Samael permaneció como estaba y notó cómo el creador posaba las manos sobre sus hombros mientras le decía:

– Está hecho. Gran parte de la esencia salida del libro se ha fundido con la tuya. Para que aprendas a dominarla era primordial que fuera parte de ti mismo y así lo hemos dispuesto. Aquí comienza tu nuevo camino Samael. En adelante tus hermanos te repudiarán, no por odio, pues no lo conocen, sino por la impureza que ha anidado en tu interior. Serán tus enemigos y te combatirán, así debe ser, es el nuevo orden. – Las lágrimas corrían por las mejillas del ángel maldito, que bajó la cabeza y a través de sus párpados y sus ropas observó tatuado en el centro de su pecho un símbolo negro de extraña apariencia y sinuosas líneas, el que habría de convertirse en su estandarte, un círculo asaeteado por un aspa con cada uno de sus cuatro extremos atravesados, que simbolizaba sus dos naturalezas opuestas, el amor y el dolor, pero unidas en el plan divino. Y observó como un anillo de negra obsidiana y extraño diseño se enroscaba alrededor de su dedo anular derecho. El creador posó su mano derecha sobre la cabeza del ángel y prosiguió – Ahora ve, enfréntate a ellos y pierde la batalla. Y serás derrotado porque no te permitiremos usar a “Justicia”, aunque habrás de conservarla como muestra de que aun estando contra Nos, sirves a nuestra causa. – Acariciando la cabeza de su hijo, prosiguió – Te hemos dotado de un lugar como este, fuera del espacio y el tiempo para que aprendas a conocerte, un refugio al que puedas acudir una vez que tu caída se haya consumado, un retiro necesario que será tu reino, haz de el lo que quieras. – Hizo una pequeña pausa y añadió con voz incontestable – Te ordenamos partir, hijo nuestro, Samael, pues ya eres Lucifer, la estrella de la mañana y la luz de las estrellas nunca se observará junto a la del Sol. Déjanos ahora.

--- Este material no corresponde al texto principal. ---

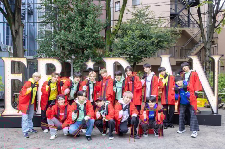 この日の活動に参加したのは、超特急のカイ、ユーキ、タカシ、シューヤ、ハル、ONE N' ONLYのTETTA、REI、EIKU、HAYATO、KENSHIN、原因は自分にある。の大倉空人、小泉光咲、桜木雅哉、長野凌大、武藤潤、吉澤要人の16名。朝10時、地域住民とEBiDANファンの中から募った清掃ボランティアが集まる恵比寿公園に姿を見せた彼らは、自身のネーム入りのパーカに「EBiDAN」「ソイヤ!」の文字がプリントされた赤い法被を羽織った出で立ちで清掃開始前のセレモニーに参加した。

– Pero de esta forma me condenas a no volver a verte, ¡no me pidas eso!, haré todo lo que quieras pero no me apartes de tu lado, ¡sin ti yo no soy nada!

– Debe ser así, nuestro querido serafín, solo con tus propios medios debes conocerte, Nos no debemos interferir.

Samael no pudo decir nada, las palabras no alcanzaban a expresar una mínima parte de lo que le creía dentro. Por toda contestación se sacudió las manos del creador de un manotazo y bajó los escalones. Atravesó el lago casi rozando las aguas pero salpicando y creando miles de ondas con cada paso. Al verlo alejarse el Verbo reflexionó “Ya ha comenzado, he aquí ante Nos el mal hecho criatura”.

Al llegar a la orilla, Samael se volvió con los ojos arrasados en lágrimas y una mirada turbia de puro odio concentrado. Nunca hubiera creído que podría hacer ese desplante a su padre, a su amigo, a su propio corazón, pero él mismo le había cargado con el mayor peso que soportaría nunca criatura alguna. Debía aprender pronto a sobrellevarlo, a dominarlo y sacarle provecho o se consumiría en su propio fuego. Desde el templete en el centro del lago le llegó alta y clara una voz como de miles de niños que a coro le dijeron “No olvides Lucifer que Nos somos el principio rector”. Y Samael quiso por última vez dirigir una súplica amorosa a quien había creado su esencia y realidad, pero su voz le traicionó y de su boca salió un sonido en forma de grito hosco, duro, áspero y nocivo que dijo:

- Acuérdate de mi, Elohim - y mentalmente añadió - por piedad - y dando la vuelta corrió llorando de odio y amor para enfrentarse a su destino.


El Verbo, desde el templete lo observó alejarse y pensó “Cómo podríamos olvidarte”.